Over the weekend, Chinese Manufacturing PMI data showed improvement into positive territory, which could provide support for the prices of black gold as China is the largest oil importer in the world.
China’s NBS Manufacturing PMI for August grew to 50.2 from the previous 49.7 figures, exceeding the 50.0 expected. Additionally, the Non-Manufacturing PMI rose to 51.7 from the 51.0 previous reading, surpassing the market consensus of 51.5.
The US Dollar Index (DXY) holds ground, continuing to gain on the second trading session following moderate datasets from the United States (US). The spot price trades higher around 106.20.
Further support for the strength of the USD comes from the positive performance of US Treasury Yields. The yield on the 10-year US Treasury bond stands at 4.61% at the moment, marking a 0.96% increase.
Crude oil faces challenges, primarily due to the upbeat US Dollar (USD) following the release of moderate economic data on Friday. The US Michigan Consumer Sentiment Index for September improved to 68.1 from the previous figure of 67.7, beating expectations for no change.

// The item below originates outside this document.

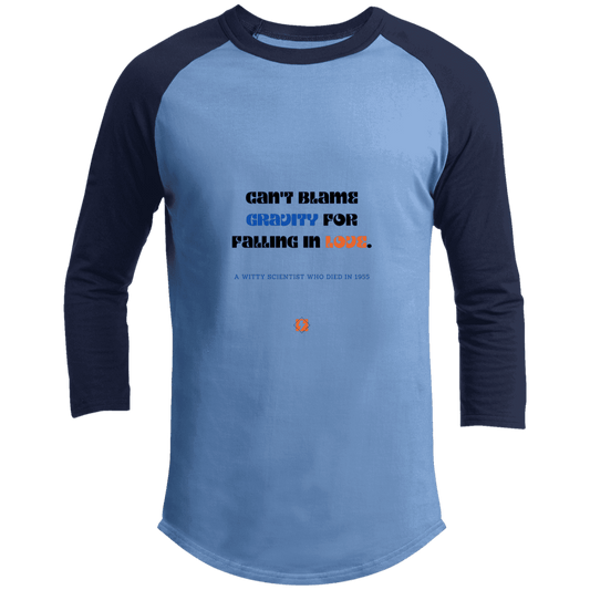 Men's 3/4 Sleeve Raglan T200 with inspiring Einstein quote: E123 - Can't blame gravity for falling in love

The US Core Personal Consumption Expenditures (PCE) – Price Index (YoY) for August rose as estimated, reaching 3.9%, but showed a slight easing from the previous reading of 4.3%. Core PCE (MoM) recorded a softer reading of 0.1% against the market consensus for it to remain consistent at the 0.2% prior.
Following Friday’s session, bills were successfully passed in the US to prevent a government shutdown, securing funding until November 17. This development has prompted a resumption of the US Dollar Index (DXY) on an upward trajectory.
Traders in the Crude oil market will likely pay close attention to the upcoming US ISM Manufacturing PMI for September ahead of a speech by Fed Chair Jerome Powell on Monday. These events can potentially influence market dynamics and impact the performance of both the US Dollar and Crude oil.